Beginning with the line containing "首頁 我的世界 問答 我的世界啟動器怎麼聯機?" and going on through the line containing "This aqua blue", the lines below are to be returned exactly, pictures excluded and nothing added.

_GIVEN ENTRIES_
|---|

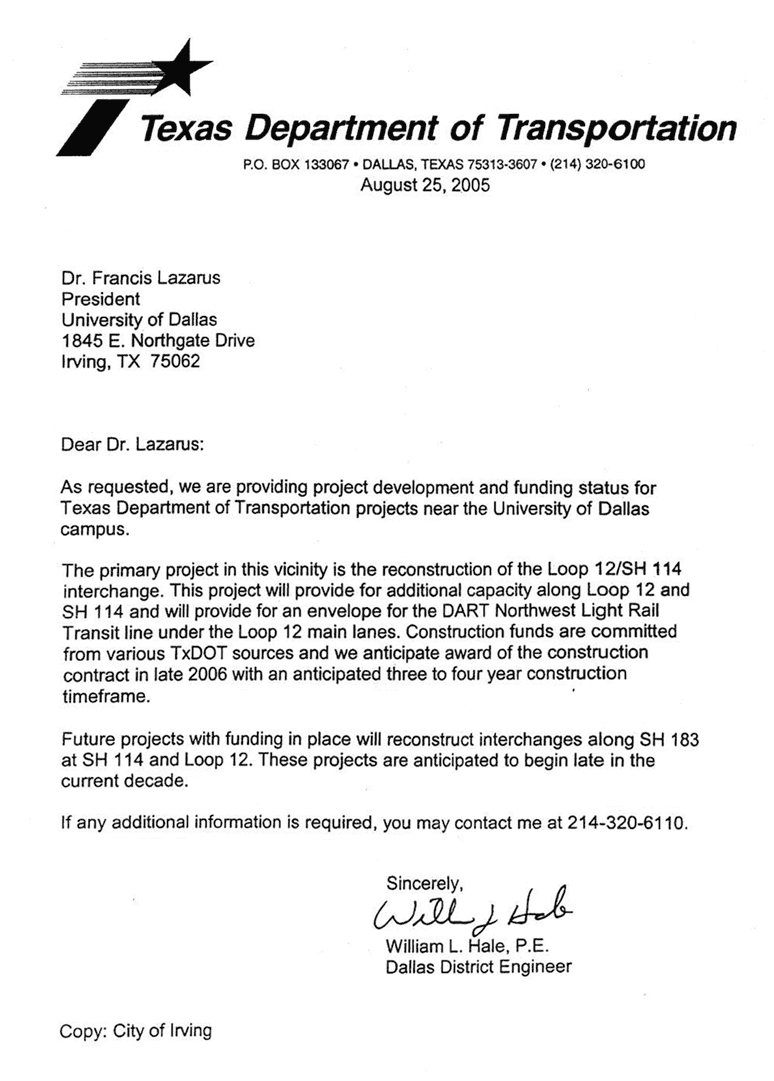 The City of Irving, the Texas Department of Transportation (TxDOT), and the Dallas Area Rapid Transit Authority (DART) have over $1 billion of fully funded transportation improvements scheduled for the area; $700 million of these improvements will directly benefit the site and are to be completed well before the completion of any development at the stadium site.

|---|

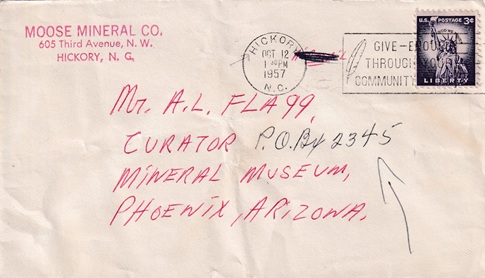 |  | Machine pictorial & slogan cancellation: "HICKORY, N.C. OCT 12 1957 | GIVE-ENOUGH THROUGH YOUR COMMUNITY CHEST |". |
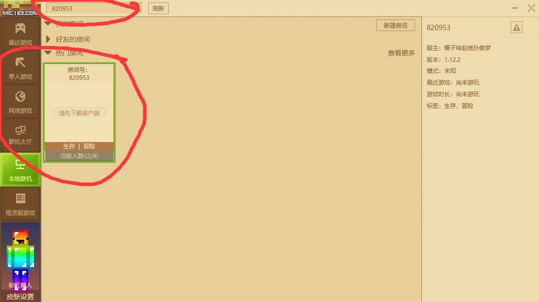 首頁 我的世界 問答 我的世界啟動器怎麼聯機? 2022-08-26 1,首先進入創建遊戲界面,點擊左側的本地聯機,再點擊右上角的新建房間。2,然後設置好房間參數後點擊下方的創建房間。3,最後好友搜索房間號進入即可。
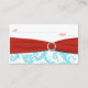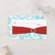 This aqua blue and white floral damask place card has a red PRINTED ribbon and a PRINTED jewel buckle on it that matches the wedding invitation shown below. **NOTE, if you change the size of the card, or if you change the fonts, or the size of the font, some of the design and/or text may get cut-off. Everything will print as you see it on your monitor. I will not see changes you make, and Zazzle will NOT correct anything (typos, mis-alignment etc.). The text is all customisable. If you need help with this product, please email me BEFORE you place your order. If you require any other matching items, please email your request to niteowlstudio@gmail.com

|---|

_WRITTEN SOLUTION_
 首頁 我的世界 問答 我的世界啟動器怎麼聯機? 2022-08-26 1,首先進入創建遊戲界面,點擊左側的本地聯機,再點擊右上角的新建房間。2,然後設置好房間參數後點擊下方的創建房間。3,最後好友搜索房間號進入即可。
 This aqua blue and white floral damask place card has a red PRINTED ribbon and a PRINTED jewel buckle on it that matches the wedding invitation shown below. **NOTE, if you change the size of the card, or if you change the fonts, or the size of the font, some of the design and/or text may get cut-off. Everything will print as you see it on your monitor. I will not see changes you make, and Zazzle will NOT correct anything (typos, mis-alignment etc.). The text is all customisable. If you need help with this product, please email me BEFORE you place your order. If you require any other matching items, please email your request to niteowlstudio@gmail.com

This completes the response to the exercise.